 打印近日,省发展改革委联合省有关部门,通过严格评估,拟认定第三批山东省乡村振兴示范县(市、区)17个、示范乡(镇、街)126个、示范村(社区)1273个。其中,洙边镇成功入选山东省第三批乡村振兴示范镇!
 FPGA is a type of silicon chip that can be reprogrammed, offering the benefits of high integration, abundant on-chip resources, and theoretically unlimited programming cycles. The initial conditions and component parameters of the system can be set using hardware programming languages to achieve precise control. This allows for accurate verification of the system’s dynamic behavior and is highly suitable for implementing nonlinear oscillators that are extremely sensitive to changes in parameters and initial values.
_ _ _ _
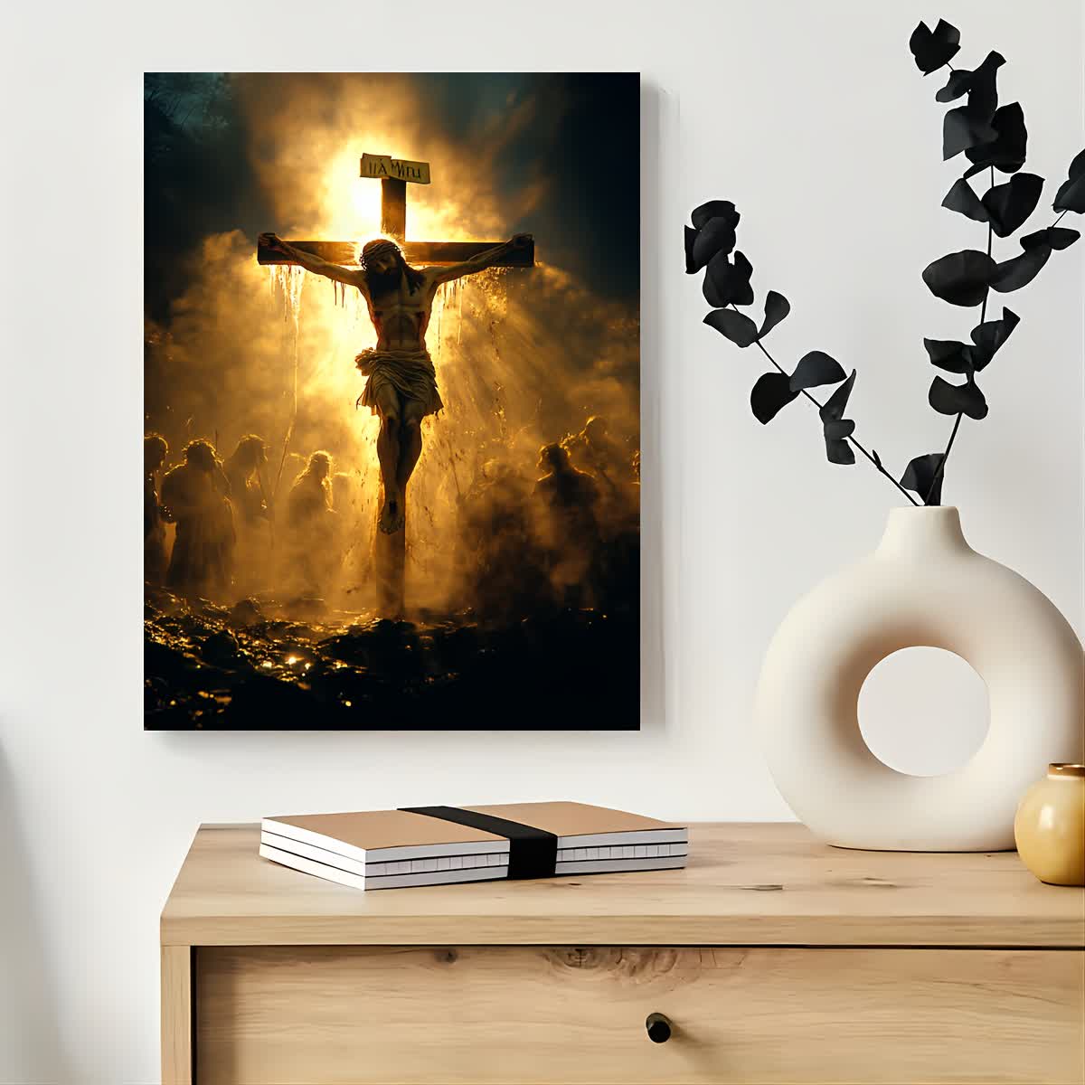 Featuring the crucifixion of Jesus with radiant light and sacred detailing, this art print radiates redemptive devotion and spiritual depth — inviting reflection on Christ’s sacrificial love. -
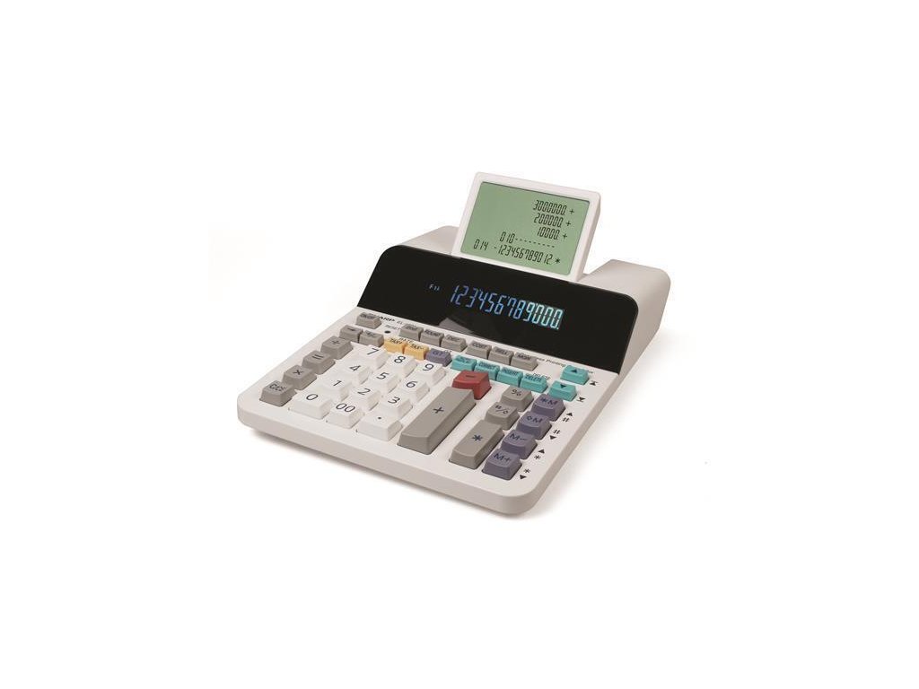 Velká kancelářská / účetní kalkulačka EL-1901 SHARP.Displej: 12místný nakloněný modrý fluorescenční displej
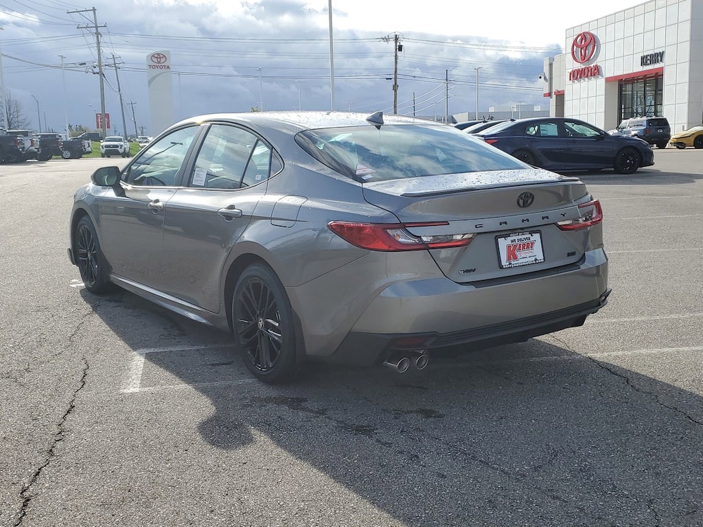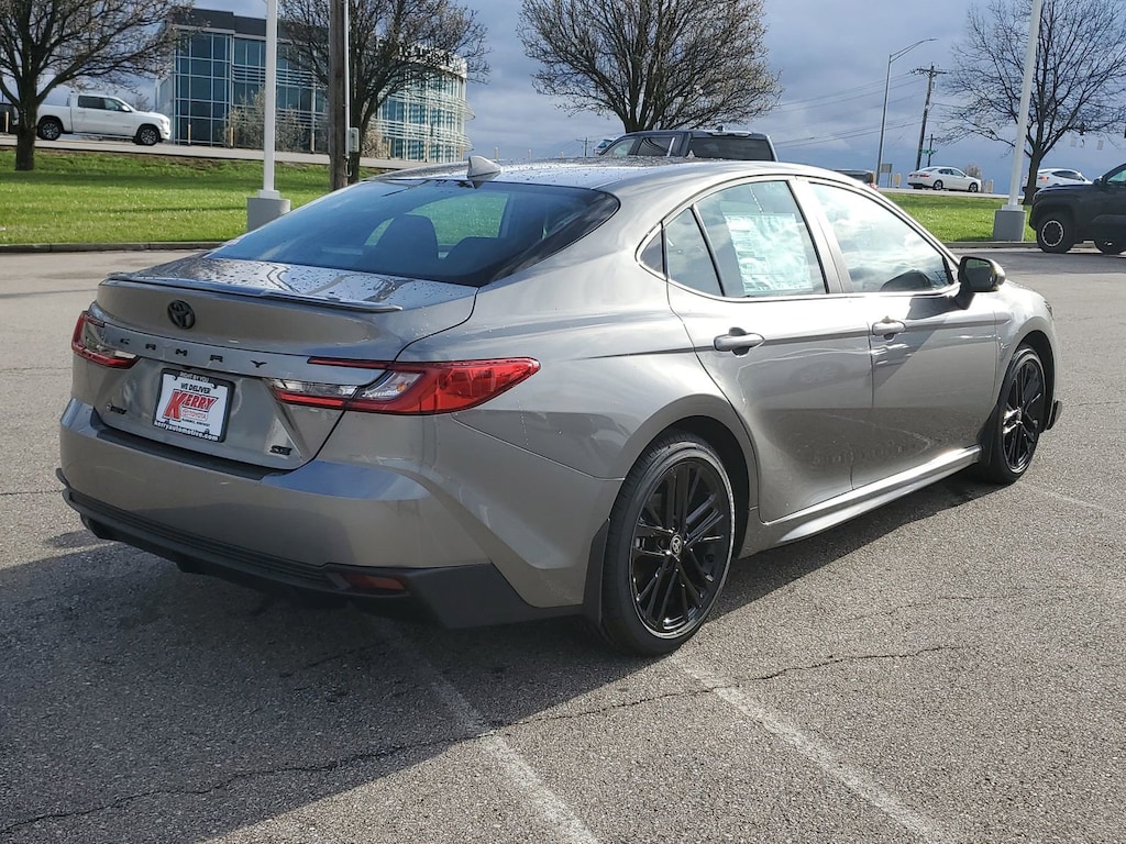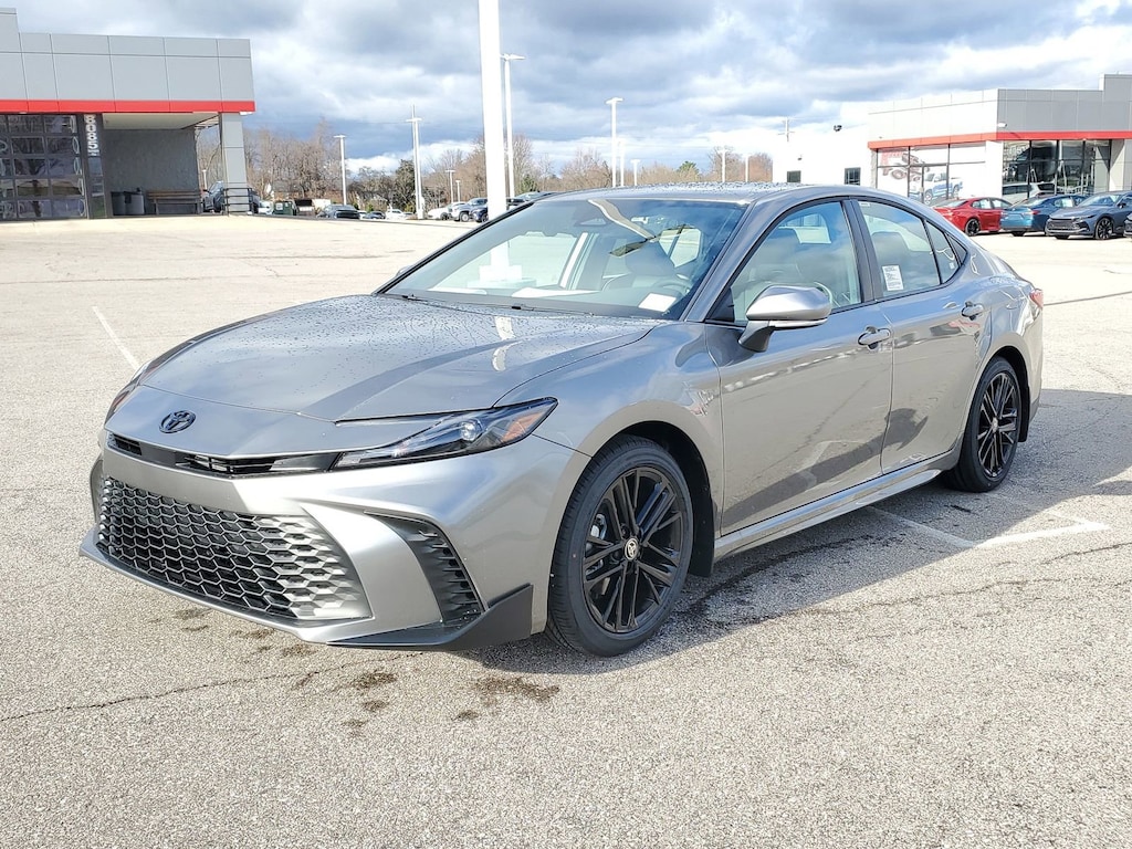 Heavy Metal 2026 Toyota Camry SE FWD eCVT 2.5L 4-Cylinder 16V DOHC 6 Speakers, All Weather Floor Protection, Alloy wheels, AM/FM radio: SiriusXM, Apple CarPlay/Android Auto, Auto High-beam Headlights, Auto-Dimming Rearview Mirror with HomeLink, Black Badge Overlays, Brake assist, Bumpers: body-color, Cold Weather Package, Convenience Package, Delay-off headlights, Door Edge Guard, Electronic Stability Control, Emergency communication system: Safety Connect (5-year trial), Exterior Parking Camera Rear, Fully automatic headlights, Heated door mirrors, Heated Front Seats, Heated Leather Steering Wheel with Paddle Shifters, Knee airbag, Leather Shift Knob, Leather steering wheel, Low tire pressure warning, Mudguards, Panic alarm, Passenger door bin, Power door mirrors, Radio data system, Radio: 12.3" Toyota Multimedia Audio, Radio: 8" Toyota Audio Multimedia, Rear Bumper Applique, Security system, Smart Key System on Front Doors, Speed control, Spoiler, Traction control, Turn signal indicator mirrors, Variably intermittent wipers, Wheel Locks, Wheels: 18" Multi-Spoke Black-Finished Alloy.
_ _ _ _
Out of the material above, output word for word the line with "打印近日,省发展改革委联合省", the line with "FPGA is a type", and all lines between them, with nothing else.

RESULT
 打印近日,省发展改革委联合省有关部门,通过严格评估,拟认定第三批山东省乡村振兴示范县(市、区)17个、示范乡(镇、街)126个、示范村(社区)1273个。其中,洙边镇成功入选山东省第三批乡村振兴示范镇!
 FPGA is a type of silicon chip that can be reprogrammed, offering the benefits of high integration, abundant on-chip resources, and theoretically unlimited programming cycles. The initial conditions and component parameters of the system can be set using hardware programming languages to achieve precise control. This allows for accurate verification of the system’s dynamic behavior and is highly suitable for implementing nonlinear oscillators that are extremely sensitive to changes in parameters and initial values.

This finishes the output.